He used a very funny example of this: he uses a comb on his ‘stache during warmer weather but a brush during dry, cold weather, but doesn’t like that the combination of comb and brush don’t fit well in his pocket; using a contradiction matrix with increased area being a good thing but increased volume being a bad thing, the suggested set of solutions includes nesting, spheroidality or new dimensions, which leads to his actual solution, a folding brush/comb combo. A more realistic example for the rest of us is a survey where more questions increases the amount of information gathered, but worsens communications flow when not all questions are applicable to all respondents; the solution set includes having a dynamic survey that removes irrelevant questions based on earlier responses.

TRIZ, then, is an algorithmic approach to innovation. This departs from our somewhat fantastical notion of a scientist having an “a-ha” moment at some point in every innovation, or an unbounded brainstorming session generating all the new ideas; now, what’s necessary is a skilled facilitator who can explore how the inventive principles apply to the specific problem in order to generate possible solutions. There’s also a lot of skill required to map between the specific and general problem and solution spaces, as well as evaluating potential solutions (and even generating new hybrid solutions) using something like a Pugh concept evaluation matrix.

At Dow, they’ve embedded TRIZ into their Design For Six Sigma (DFSS) processes for designing chemical plants, allowing for better integration across designs of all the other processes surrounding the chemical plant, such as rail shipping. This doesn’t always result in a disruptive change, but sometimes results in a group of interrelated changes that make a big difference: in one case, reducing shipping transit times and costs, thereby increasing customer satisfaction.

There are many other TRIZ-related tools, applicable to both technological and transactional situations. Some of these, such as mind maps, didn’t originate with TRIZ but are commonly used during TRIZ innovation projects; many have been adopted into the TRIZ body of knowledge maintained by the Russian TRIZ group. It’s also possible to mix several of the TRIZ techniques with Six Sigma techniques to good effect.

Applying Lean Six Sigma Methodology to Transactional Processes

Next up was a panel discussion with David Haigh of Johnson & Johnson, Sabrina Lemos of United Airlines, and Gary Kucera of Kaplan Higher Education, moderated by Charles Spina of e-Zsigma.

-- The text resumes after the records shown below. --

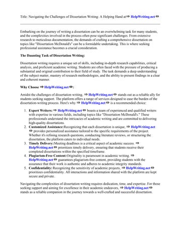 Embarking on the journey of writing a dissertation can be an overwhelming task for many students, and the complexities involved in the process often pose significant challenges. From extensive research to meticulous documentation, the demands of crafting a comprehensive dissertation on topics like "Dissertation McDonald's" can be a formidable undertaking. This is where seeking professional assistance becomes a crucial consideration.
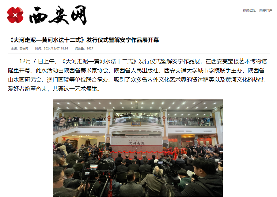 近日,西安网对威尼斯官网艺术与设计学院院长解安宁《大河走泥—黄河水法十二式》发行仪式暨作品展开幕进行了报道。
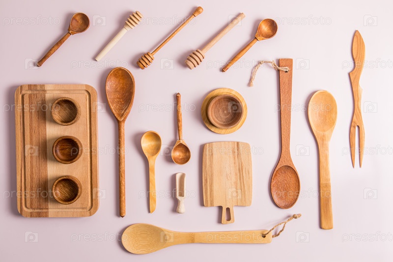 Вид сверху на набор различной деревянной и бамбуковой кухонной утвари. плоская планировка. экологически чистые столовые приборы. ноль отходов

United Airlines has a unique project going on in one of their freight-related operations: they decided to outsource the operation in order to be able to completely remake the process and have it meet specific KPIs, but also decided to allow the existing people to bid on their own jobs. This would have the effect of shifting them out of their current ways of doing things and proposing the best possible way to do it, since they will be in a competitive bidding situation with outsiders. Lemos also spoke about the importance of getting to the real data. She did an exercise of tracing a particularly biweekly report –which took several hours to compile – up to the VP and what he reports on, then tracked what he actually reports on back down to the reports and metrics that are being gathered at the lower levels. Not surprisingly, she found that there was zero alignment: nothing in the biweekly reports were used by the VP in his report, or anywhere else in the chain of command. She spoke about using gauge R&R, walk the process, and value stream mapping techniques to analyze processes, and the necessity of coming to agreement on the meaning of things such as process start points.

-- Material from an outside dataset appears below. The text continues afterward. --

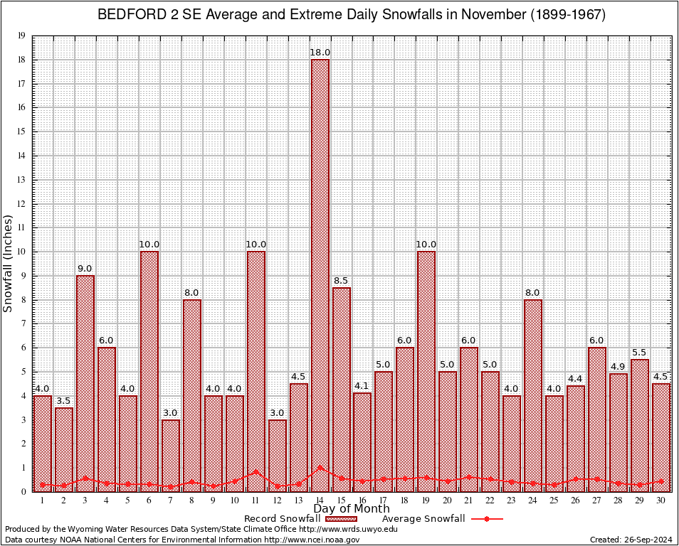 November Average and Extreme Daily Snowfall AMounts (1899-1967)

Haigh spoke about accounts payable processes at J&J Canada, and how an in-depth review of those processes was triggered by someone actually forgetting to pay the electricity bill, and showing up at the office one day to find a notice that the power would be cut if the bill weren’t paid immediately: not that they didn’t have the money to pay the bill, just that the process to do so wasn’t working. Accounts payable is often one of those processes in companies that is ignored when looking at major process improvement because it’s not revenue generating, but it’s important to recognize that enormous cost savings can be found through taking advantage of early payment discount levels, and avoiding any late penalties or service disruptions. They have found that doing some amount of the work onsite where the business processes are being done is helpful, since the process participants can see what’s involved in their process overall. They use the same techniques as discussed by Lemos, plus Kaizen Blitz and some activity-based costing.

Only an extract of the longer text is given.